(Task goal) Here is a listing, set out below; repeat its lines from the one with "12月7日15:59《研选》" to the last, both included, and leave out the pictures.

● ● ● ● ● ● ●

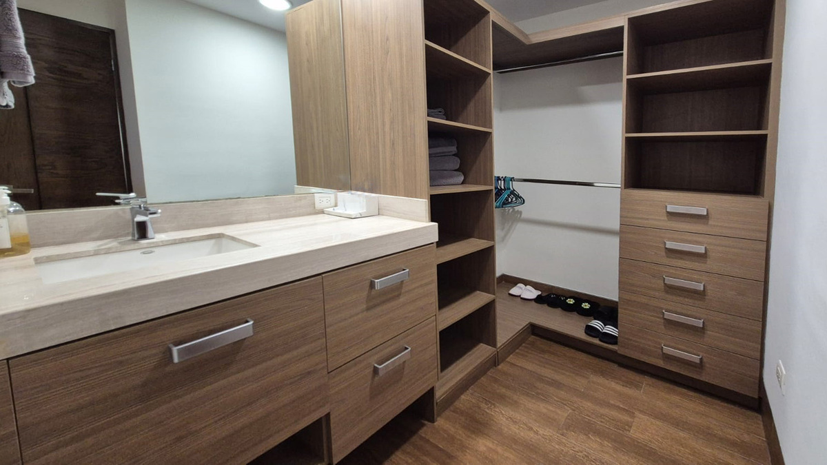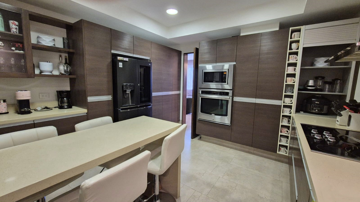 Amplia sala y comedor con balcón, medio baño, cocina con barra desayunadora, family room, closet de blancos, lavandería y cuarto de servicio.
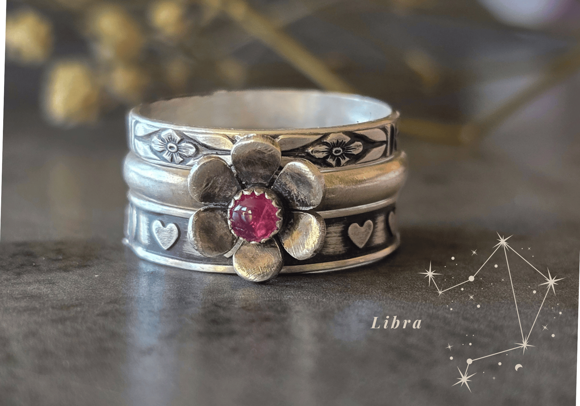Stack Idea: Combine the Pink Tourmaline Flower Ring with the Hearts Band for a romantic vibe and the Floral Band for a balanced and graceful finish. This stack captures Libra’s charm and love for beauty.
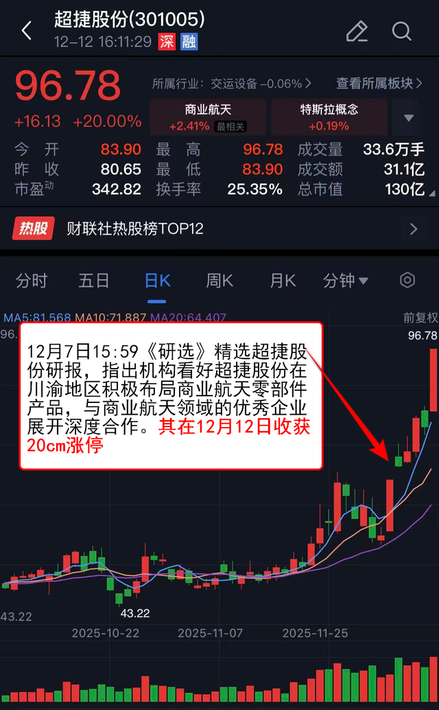 12月7日15:59《研选》 精选超捷股份研报,指出机构看好超捷股份在川渝地区积极布局商业航天零部件产品,与商业航天领域的优秀企业展开深度合作。其在12月12日收获20cm涨停。
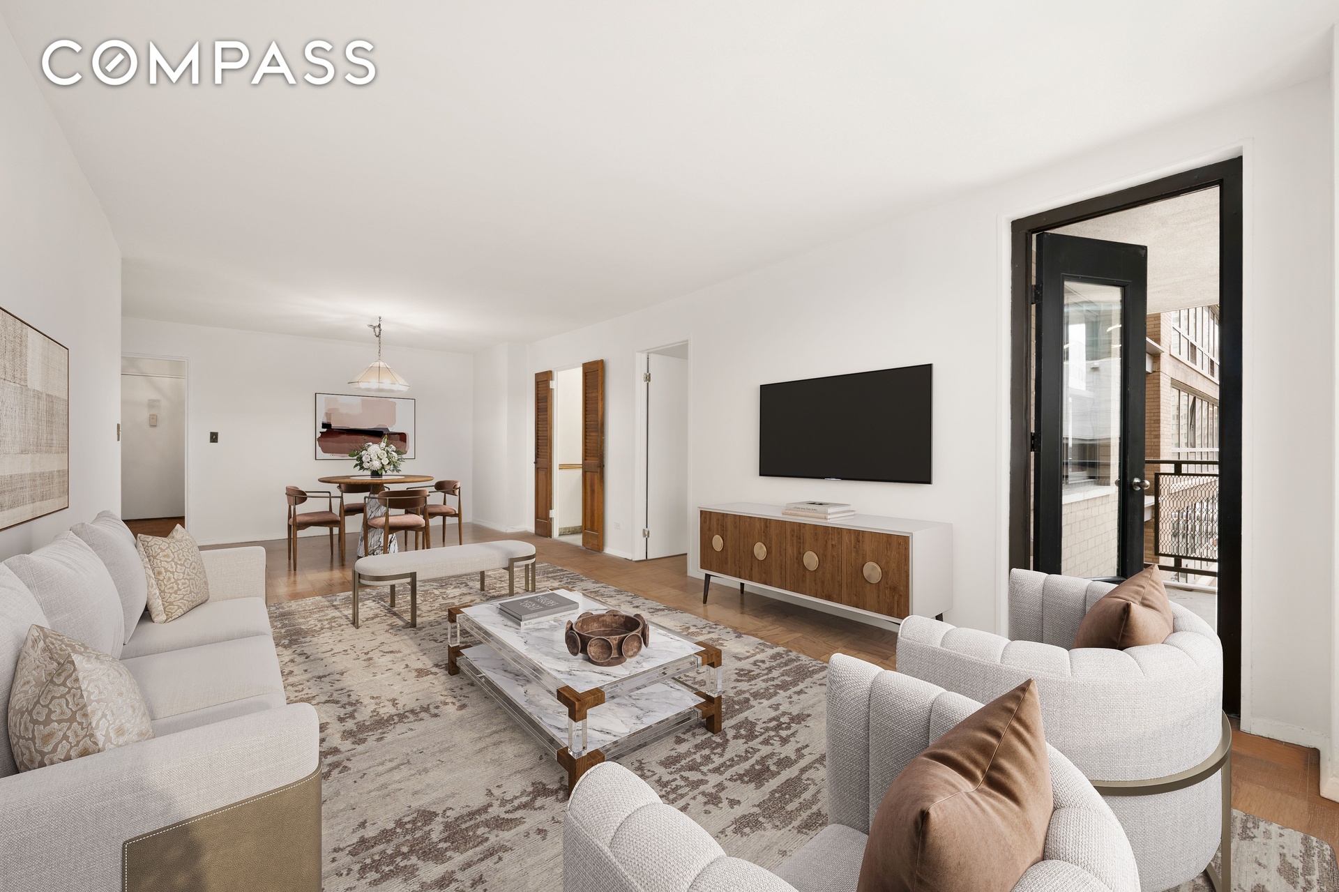 Welcome home to Residence 6W at 165 West 66th Street — a bright and generously proportioned corner residence offering exceptional space, flexible living, and a private terrace in the heart of the Upper West Side.
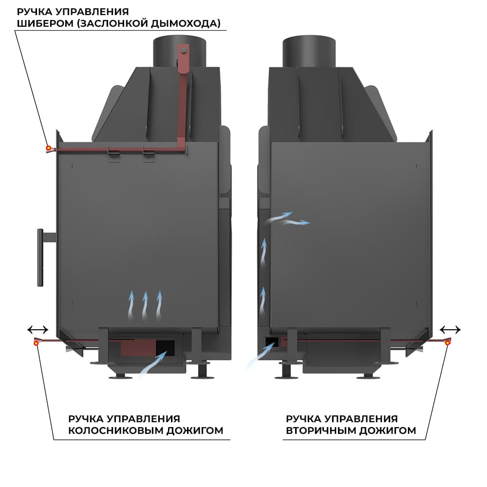 Тоннель, позволяющий использовать дрова длиной до 50 см.
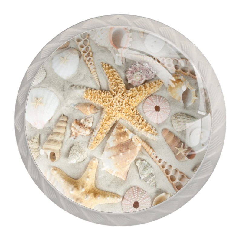 NEWzone 4 Pack Dresser Drawer Cabinet Knobs Seashells on a Sandy Beach Round Shape Crystal Glass Knobs Pulls Handles for Kitchen Wardrobe Cupboard Door Hardware with Screws, 35mm
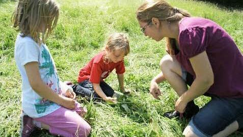 Auf Entdeckungsreise Mit der Erlebnisbäuerin ging es zu einer Entdeckungsreise auf die Wiese. Da drei Klassen zu Gast waren, unterstützte Ute Leyh aus Losbergsgereuth ihre Kollegin.

● ● ● ● ● ● ●

(Result of this task)
 12月7日15:59《研选》 精选超捷股份研报,指出机构看好超捷股份在川渝地区积极布局商业航天零部件产品,与商业航天领域的优秀企业展开深度合作。其在12月12日收获20cm涨停。
 Welcome home to Residence 6W at 165 West 66th Street — a bright and generously proportioned corner residence offering exceptional space, flexible living, and a private terrace in the heart of the Upper West Side.
 Тоннель, позволяющий использовать дрова длиной до 50 см.
 NEWzone 4 Pack Dresser Drawer Cabinet Knobs Seashells on a Sandy Beach Round Shape Crystal Glass Knobs Pulls Handles for Kitchen Wardrobe Cupboard Door Hardware with Screws, 35mm
 Auf Entdeckungsreise Mit der Erlebnisbäuerin ging es zu einer Entdeckungsreise auf die Wiese. Da drei Klassen zu Gast waren, unterstützte Ute Leyh aus Losbergsgereuth ihre Kollegin.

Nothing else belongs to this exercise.